E.O. Wilson wrote an essay entitled, “Great Scientist ≠ Good at Math”. If you haven’t read it, here is my summary of E.O. Wilson’s statement:
I didn’t learn much math, and I am a successful scientist because I think critically and found collaborators who were good at math. If you think critically, and find collaborators who are good at mathematics and statistics, you can be a successful scientist without personally knowing much math.
The name of my blog is _math_bionerd. I loved math in high school (thanks Mr. Boerner), and majored in Mathematics in college at Creighton University. I did a summer research experience at the University of Nebraska, Lincoln in the Mathematics department. And, for graduate school, I applied to both Mathematics programs and Bioinformatics programs, ultimately choosing the latter, but volunteering to be a teaching assistant for Calculus. I currently study biological questions and large datasets using computer programs and statistical models. So, uh, yes, I think math is important.
Edward Frenkel has an excellent piece responding to Wilson’s essay. I completely agree with his conclusion:
“It would be fine if Wilson restricted the article to his personal experience, a career path that is obsolete for a modern student of biology.

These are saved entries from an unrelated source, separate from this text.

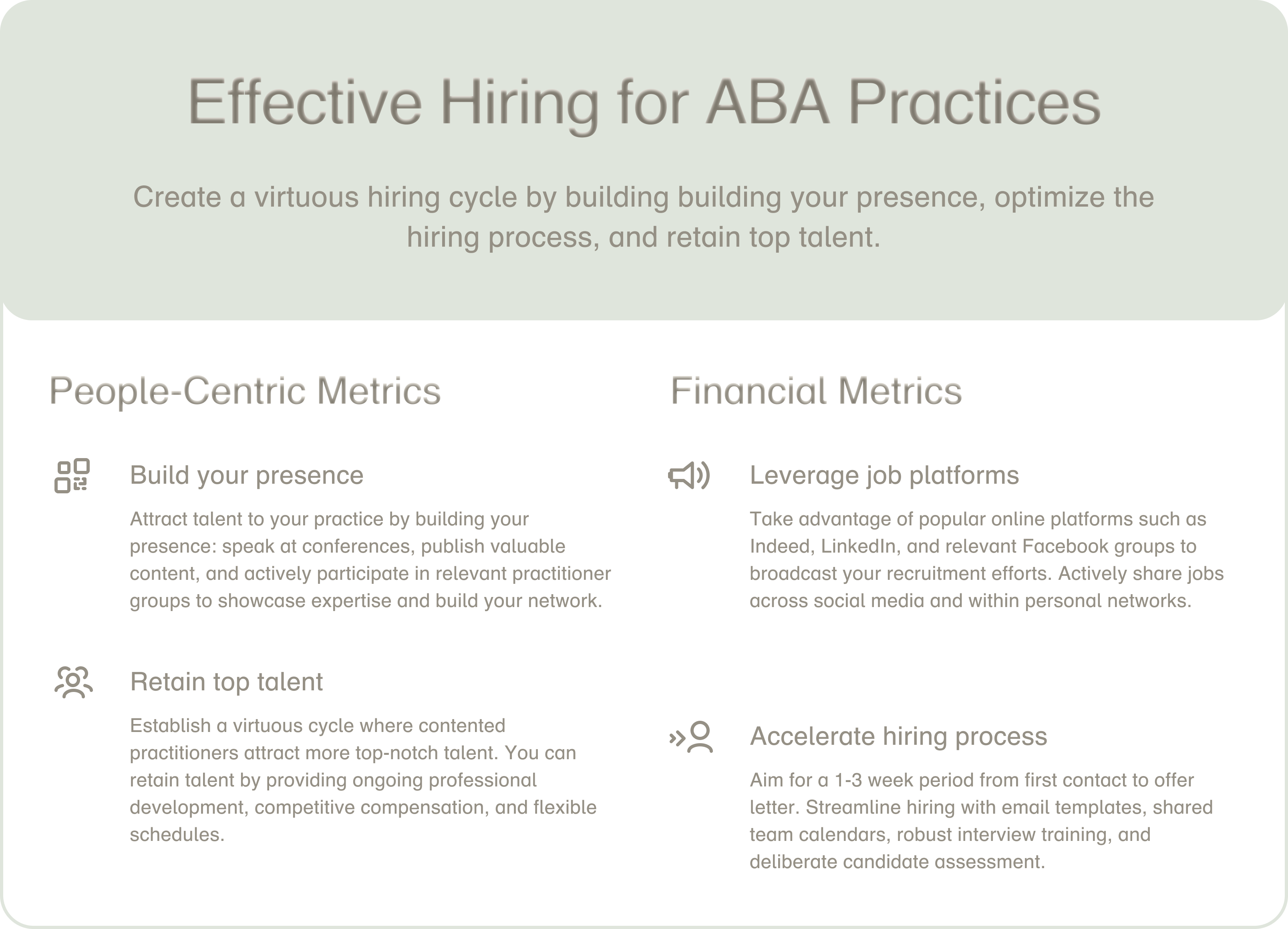 - Ensuring a sustainable workforce encompasses building a solid presence in the ABA community, optimizing the hiring process, and retaining top talent.
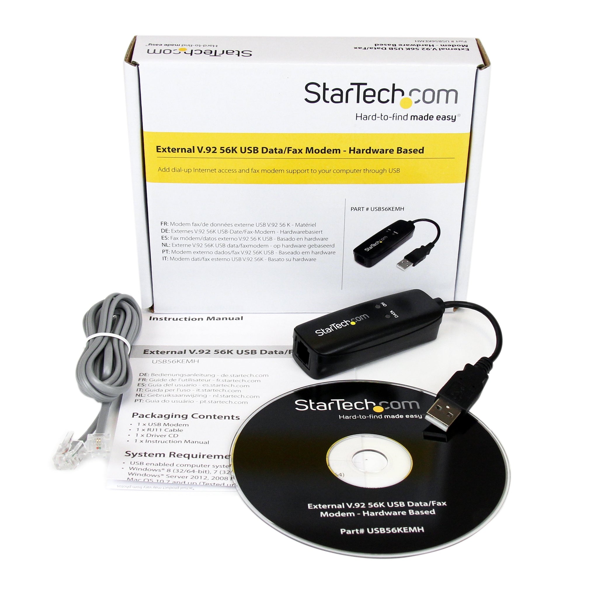 Details: add Dial-up Internet Access And Fax Modem Support To Your Computer Through Usb. The Usb56kemh Hardware-based Usb 56k Modem Lets You Add Dial-up Internet Access And External Fax Modem Support To Your Computer Through Usb. This Controller-based Modem Saves System Resources And Minimizes Load On The Cpu, Using On-chip Processing To Deliver Dial-up Access Without Taxing Your Computer Performance. With Support For Transfer Rates Up To 56 Kbps (data) And 14.4 Kbps (fax), And Compatibility With The Latest Transmission Standards (v.92, V.90, Etc.), This Versatile Usb Modem Can Be Used As A Backup Internet Connection, Or In Rural Areas Where Broadband Connections Are Not Available. To Ensure Portability And Easy Setup, The Usb Modem Features A Compact, Lightweight Design And Is Powered Through The Usb Host Connection, As Opposed To An External Power Adapter. The Modem Also Supports Both Windows And Mac Os Platforms, Providing The Versatility Needed For True Convenience. Backed By A Startech.com 2-year Warranty And Free Lifetime Technical Support.
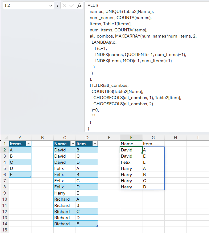 CHOOSECOLS(all_combos, 1), Table2[Item],
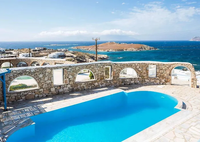 Cavo Alefkandra 5 Ornos villa is gesitueerd binnen 10 minuten rjden vanaf het Agios Stefanos-strand en biedt toegang tot bezienswaardigheden in de omgeving.
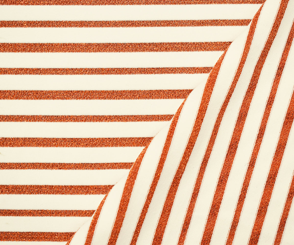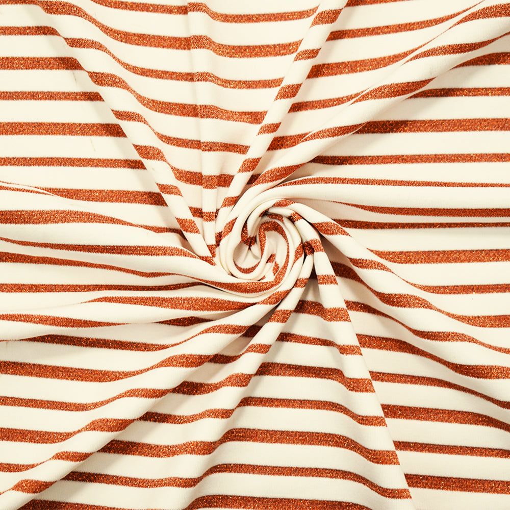 Off-White-Copper Poly Stretch Spandex Stripe Metallic Jersey Knit Fabric

We could then discuss the real question, which is how to improve our math education and to eradicate the fear of mathematics that he is talking about.”
The first thought that struck me, too, about Wilson’s essay is that he is giving antiquated advice to modern students. But, the more I thought about it, I realized that the mark he missed is much larger than that. In any field of scientific research, we can gain more insights by taking a different perspective. This perspective may come from collaborators, but truly successful scientists are able to integrate new opinions, and see their own data in new light. Collaborators are very important, but we should be able to critically assess the contributions of our collaborators. Blindly trusting in a mathematician’s computations is just as foolish as a mathematician unquestioningly accepting the results of a biological experiment. The roots of scientific inquiry are curiosity and skepticism. Curiosity is developed by what we want to discover, but do not yet know. Skepticism occurs when new data are evaluated, within the context of what we know. The two go hand in hand to result in new, exciting, discoveries. But, being curious without being skeptical makes for poor scientific inquiry.
We become scientists because we are curious. While in training, we learn how to be skeptical by increasing our base knowledge. I cannot imagine a point in my career when that training will end. It can be uncomfortable to be a novice, to admit when we don’t understand, and to take the time to learn new material, especially after years of training. But we must, if we are to continue to make progress. This may mean learning more about cardiac disease, or aphid digestion, or polio replication, or linear algebra, or differential equations.
Are there good scientists who are not good at math? Of course there are.
Must one be good at math to be a good scientist? Not necessarily.
But, can anything be gained from perpetuating the notion that math is untouchable, except by experts? No.